Поэме «Amours de Voyage» предпосланы четыре эпиграфа. Первые три соотносятся с главными темами: себялюбие, сомнение, путешествие; четвертый, заимствованный из Горация, возвещает о стиле: «Flevit amores / Non elaboratum ad pedem» («Оплакивал он любови / Необработанным слогом»; правда, у Горация сказано «amorem» — «любовь»). Слог Клафа — «необработанный» в сравнении с арнольдовским; и в «Amours de Voyage» — как и в первой поэме, «The Bothie of Tober-na-Vuolich», — Клаф использует редкий размер, гекзаметр. Ударение в нем более глухое, нежели в обработанном и популярном пентаметре, но при этом оно задает все тот же спонтанный, разговорный, непафосный тон. Ритмы Клафа — бродячие, грохочущие, спотыкающиеся; у него есть потребность менять направление и тональность, перемещаться в пределах одной строки от истории цивилизации к любовной сплетне, от высокого анализа к быстрой шутке. Когда Клаф задумывал свой первый поэтический сборник, Арнольд, сетуя на «дефицит прекрасного», писал другу: «Я сомневаюсь в том, что ты — художник». Вышедшую в свет поэму «The Bothie of Tober-na-Vuolich» Арнольд счел слишком бездумной: «Если оценивать твои стихи в целом, со всей откровенностью, то скажу следующее: в них нет естественности» (и это говорит Мэтью Арнольд…). Он просил Клафа подумать, добивается ли тот красоты, и напоминал ему, «сколь глубоко непоэтичен нынешний век и весь антураж. Не сказать, что не глубок, не благороден, не трогателен; просто непоэтичен». Арнольд принял решение переступать или преобразовывать — или отвергать — непоэтичность; Клаф решил ее воплощать: он — «непоэтичный» поэт.

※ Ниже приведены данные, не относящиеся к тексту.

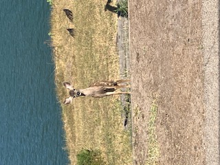 | Another beautiful day at the lake. Sunny and a chilly 70F. By myself again for another Monday session except for the fawn who is very curious about what I'm eating for breakfast. The weekenders are gone and the weekday locals are out in force. Determined to get some foil TOW (time on the water), I rigged the foil board and flew for about half hour doing touch and go, but then the wind rose to 18 mph, on its way to 20 for the rest of the day. Back to my windsurfing gear. I sailed until about 4:00 pm, then packed up all the gear for the trip home. I left a little early to pick up a 6.5m Ezzy sail and a 430 Ezzy mast on my way home. |
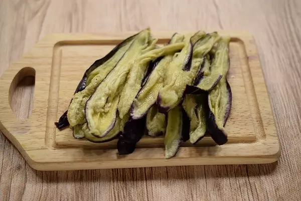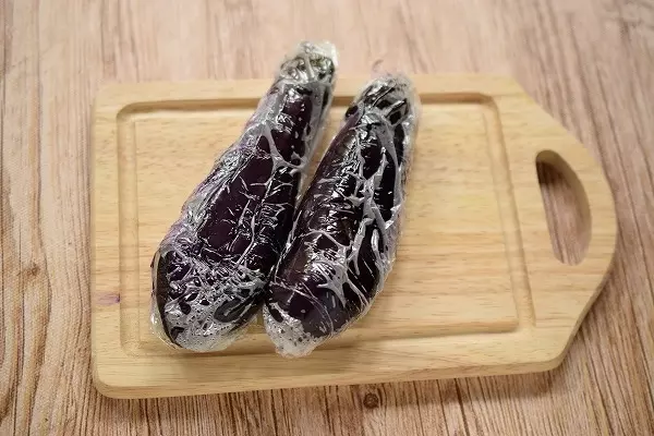 4、ナスのラップを外し、ヘタを切り落とす。皮が付いたまま、縦に食べやすく裂く。
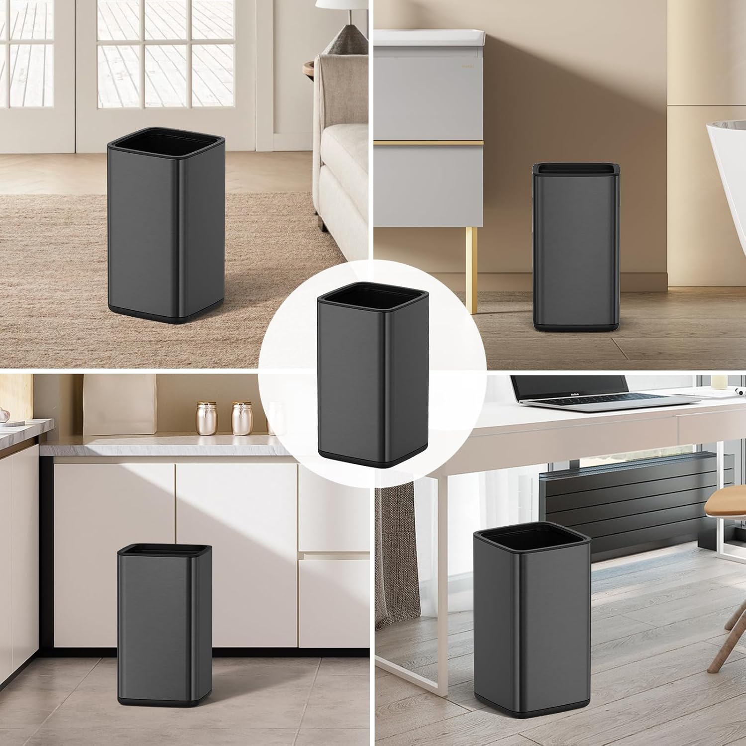 - QUICK & EASY DISPOSAL β Open Top design is perfect for busy homes, restaurants, restrooms, offices, lobbies, stores β quick & easy trash disposal.
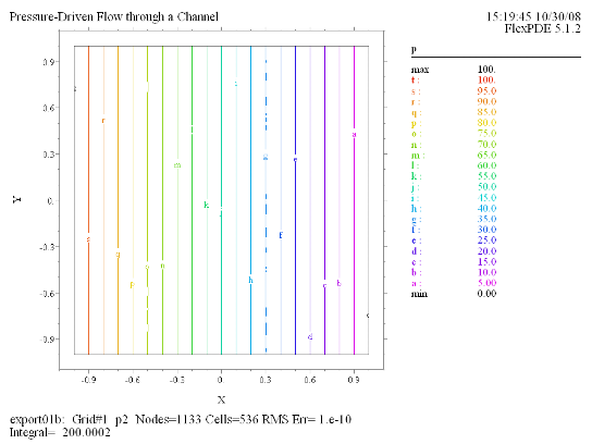 今度は圧力によって流れが生ずるケースについて考察することにします。チャネルの形状はCase1の場合と同一ですが、入口側の圧力を
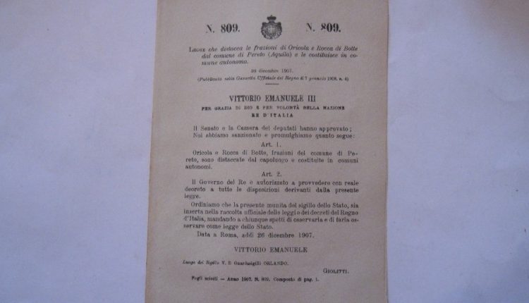 Redazione – Avvenne agli inizi del 900, precisamente con un Regio Decreto del 26 dicembre 1907 giorno di Santo Stefano, la proclamazione della Legge che ebbe a distaccare le frazioni di Oricola e Rocca di Botte dal Comune di Pereto. Una autonomia decisa dal Re Vittorio Emanuele III che caratterizzò in maniera incisiva le due realtà fino ad allora frazioni di Pereto.

Потому-то в «Amours de Voyage» столько неарнольдианских персонажей (Мадзини, Гарибальди, генерал Удино) и примет: путеводитель Мюррея, заказ кофе латте… Это произведение абсолютно современно; оно появилось в ту эпоху, когда Италия переживала процесс мучительного воссоединения (и посвящено ей); в нем есть и пальба, и война, и одно из блестящих литературных воплощений сумбурного убийства — посреди площади в засаду попадает священник, который пытался убежать из города, чтобы присоединиться к осаждающим войскам:

Кроме всего прочего, это стихотворение задумчиво и полемично: оно — об истории, о цивилизации, о человеческом долге действия. И, как сообщает нам заглавие, это любовная история; точнее, коль скоро это не кто-нибудь, а Клаф — в некотором роде современная, на грани фола, почти-но-не-совсем любовная история, с неравноправием, непониманием, мучительным самоанализом и безумным, многообещающим, ничего не обещающим преследованием, подводящим нас к неопределенному финалу.

Была ли часть эмоционального пути Клода пройдена самим Клафом — в Риме и севернее, весной и летом того же 1849 года, — теперь уже, к счастью, не установить.

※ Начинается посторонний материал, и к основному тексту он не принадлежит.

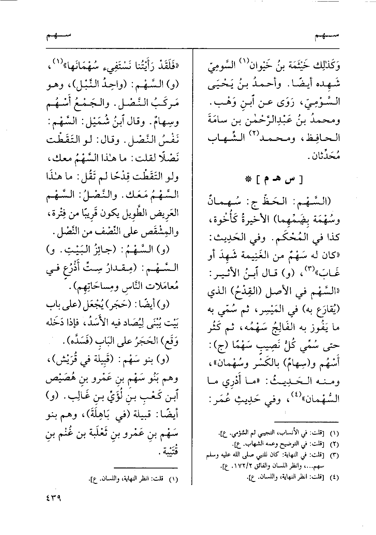 (السَّهْم: الحَظّ ج: سُهمانٌ وسُهْمة بِضَمِّهِما) الأخيرةُ كَأُخْوة، كَذَا فِي المُحْكَم. وَفِي الحَدِيث: " كَانَ لَهُ سَهْمٌ من الغَنِيمة شَهِد أَو غَابَ "، (و) قَالَ ابنُ الْأَثِير: " السَّهْم فِي الأَصْل (القِدْحُ) الَّذِي (يُقارَع بِهِ) فِي المَيْسِر، ثمَّ سُمّي بِهِ مَا يَفُوز بِهِ الفَالِجُ سَهْمُه، ثمَّ كَثُر حَتَّى سُمِّي كُلُّ نَصِيبٍ سَهْمًا (ج) : أَسْهُم و (سِهامٌ) بالكَسْر وسُهْمان "، وَمِنْه الحَدِيثُ: " مَا أَدْرِي مَا السُّهْمان "، وَفِي حَدِيثِ عُمَر: " فَلَقَدْ رَأَيْتُنا نَسْتَفِيء سُهْمَانَها "،
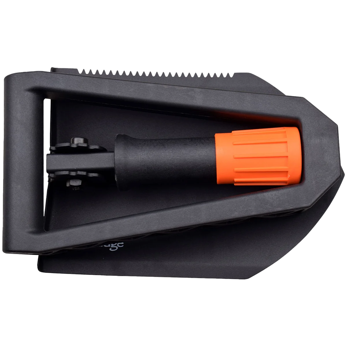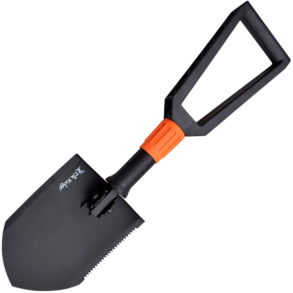 A compact and collapsible shovel/entrenching tool from Elk Ridge. The Trek Shovel measures 23" overall when extended and is comprised of a 9" x 8" black carbon steel shovel head and a 14.75" steel tubing/injection molded nylon fiber handle. When collapsed the shovel measures 16" in length.
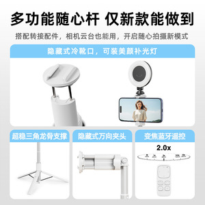ホワイト-1.8m 9ボタンズームリモコンバージョン[ワンクリック/マグネット収納/合金三脚]

Была ли часть эмоционального пути Клода пройдена самим Клафом — в Риме и севернее, весной и летом того же 1849 года, — теперь уже, к счастью, не установить. Во всяком случае, Клаф для изображения рассказчика выбирает приемы, подчеркивающие различия между ними. Во-первых, Клод в первой же песне предстает весьма непривлекательной личностью: это высокомерный сноб, уставший от мира и снисходящий до семьи английских буржуа (включая трех незамужних дочерей), с которыми свела его жизнь. Для Клода «средний класс» — «аристократы ни с кем — ни с человеком… ни с Богом»; его презрительные ноздри чуют «лавочный дух», и он в открытую признает «позорную радость радовать низших». Таким он создан, полагаем мы, чтобы — подобно заносчивым мужским персонажам Джейн Остен — впоследствии быть укрощенным и очеловеченным любовью предположительно низших. Во-вторых, Клод совершенно не похож на автора ни в вопросах религии (Клод католик, тогда как сам Клаф скорее неверующий), ни в вопросах политики. До поры до времени Клод избегает общественной жизни и презирает «людские мненья», предпочитая отстраненное, критически-эстетское отношение к жизни, — в этом он ближе к Арнольду, читающему «Бхагавад-гиту», чем к либеральному, держащему руку на пульсе событий Клафу, который теперь подписывает свое очередное римское письмо Пэлгрейву «Le Citoyen malgrй lui». Ход событий в поэме ускоряется, когда защита Рима от французской армии, осаждающей город, «чтобы вернуть на престол Папу с Туристом», ввергает Клода в современный мир политики и войны; сходным образом тесное общение с семьей Тревеллинов, которые проявляют отсутствующую у героя восторженность («Рим — город чудесный», — захлебывается Джорджина), ввергает его в состояние влюбленности, или (как застенчивого интеллектуала) почти-влюбленности, или быть-может-влюбленности, или такого умонастроения, в котором все, что может оказаться любовью, становится предметом яростных внутренних споров. В одном из ответов Юстасу (чьи письма остаются за кадром; приводится только реакция на них Клода — прием, обеспечивающий резкие скачки повествования) герой исправляет ошибку друга: «Ты заключил, что я влюблен, но с этим я согласен лишь отчасти».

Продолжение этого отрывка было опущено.